• Exercise:
When you transcribe the listing that follows, keep every line exact and skip any picture.

• Collected material:
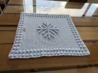 Car seat size ~ 20 inches by 21 inches ~ using approximately just under 1 & 1/2 balls of 100g dk yarn.
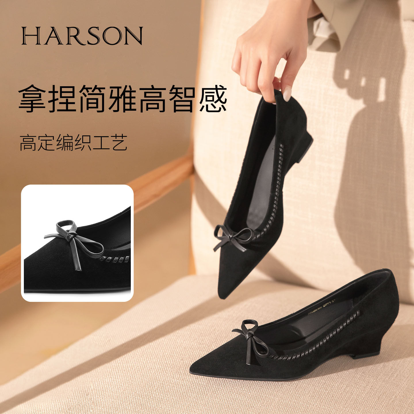 哈森尖头蝴蝶结浅口单鞋坡跟一脚蹬高跟鞋女2026春新款HWS260108
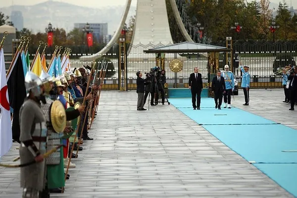 Konuk Devlet Başkanı Mirziyoyev, Muhafız Alayı Tören Kıtası'nı "Merhaba asker" diyerek selamladı. Törende, tarihte kurulan 16 Türk devletini temsil eden bayraklar ve askerler de yer aldı.
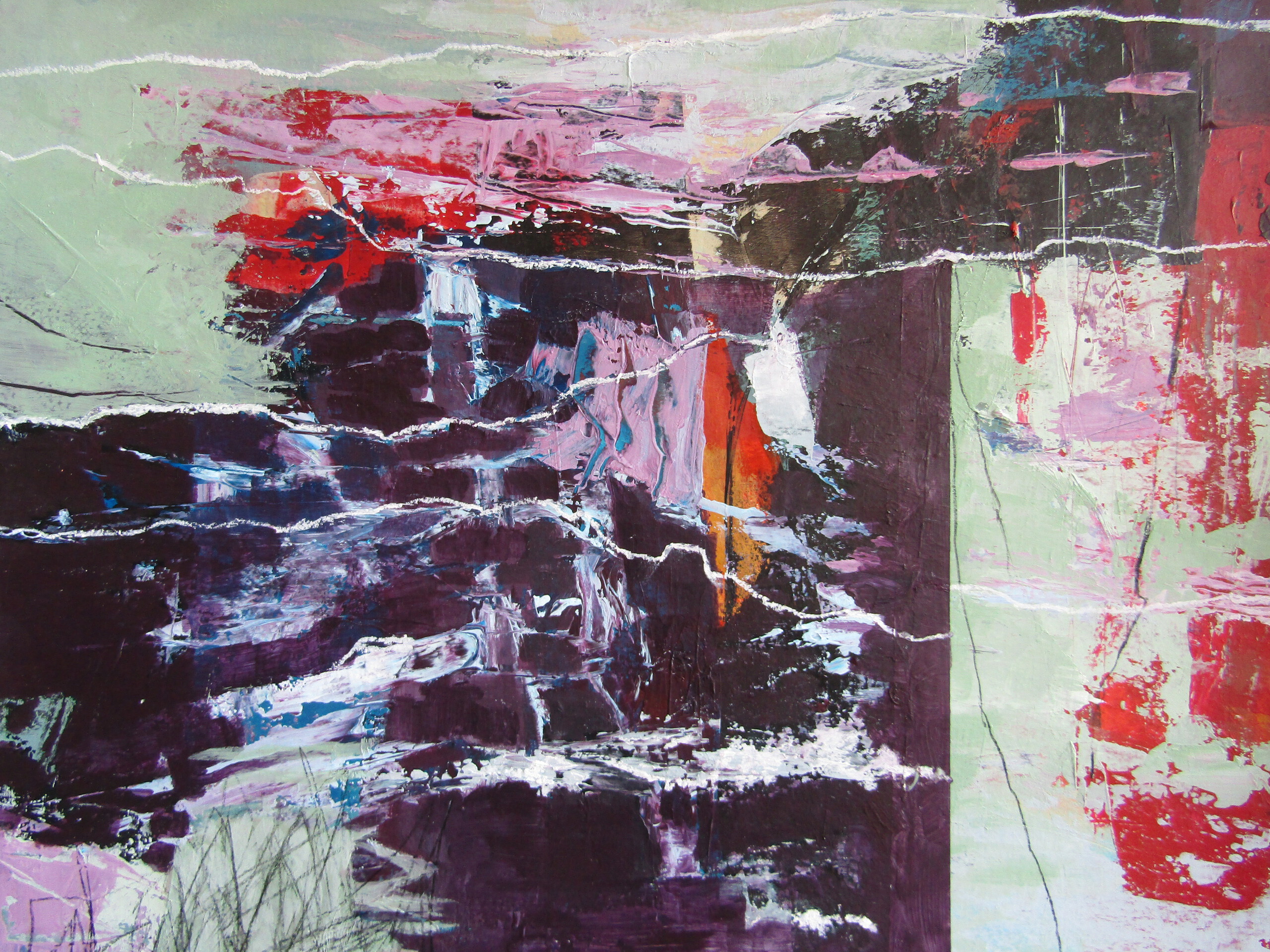 Paars Wit Groen Rood Landschappelijk Abstract Acryl Papierdrager Poëtisch Lyrisch Dynamisch Kleurrijk

• Expected output:
 Car seat size ~ 20 inches by 21 inches ~ using approximately just under 1 & 1/2 balls of 100g dk yarn.
 哈森尖头蝴蝶结浅口单鞋坡跟一脚蹬高跟鞋女2026春新款HWS260108
 Konuk Devlet Başkanı Mirziyoyev, Muhafız Alayı Tören Kıtası'nı "Merhaba asker" diyerek selamladı. Törende, tarihte kurulan 16 Türk devletini temsil eden bayraklar ve askerler de yer aldı.
 Paars Wit Groen Rood Landschappelijk Abstract Acryl Papierdrager Poëtisch Lyrisch Dynamisch Kleurrijk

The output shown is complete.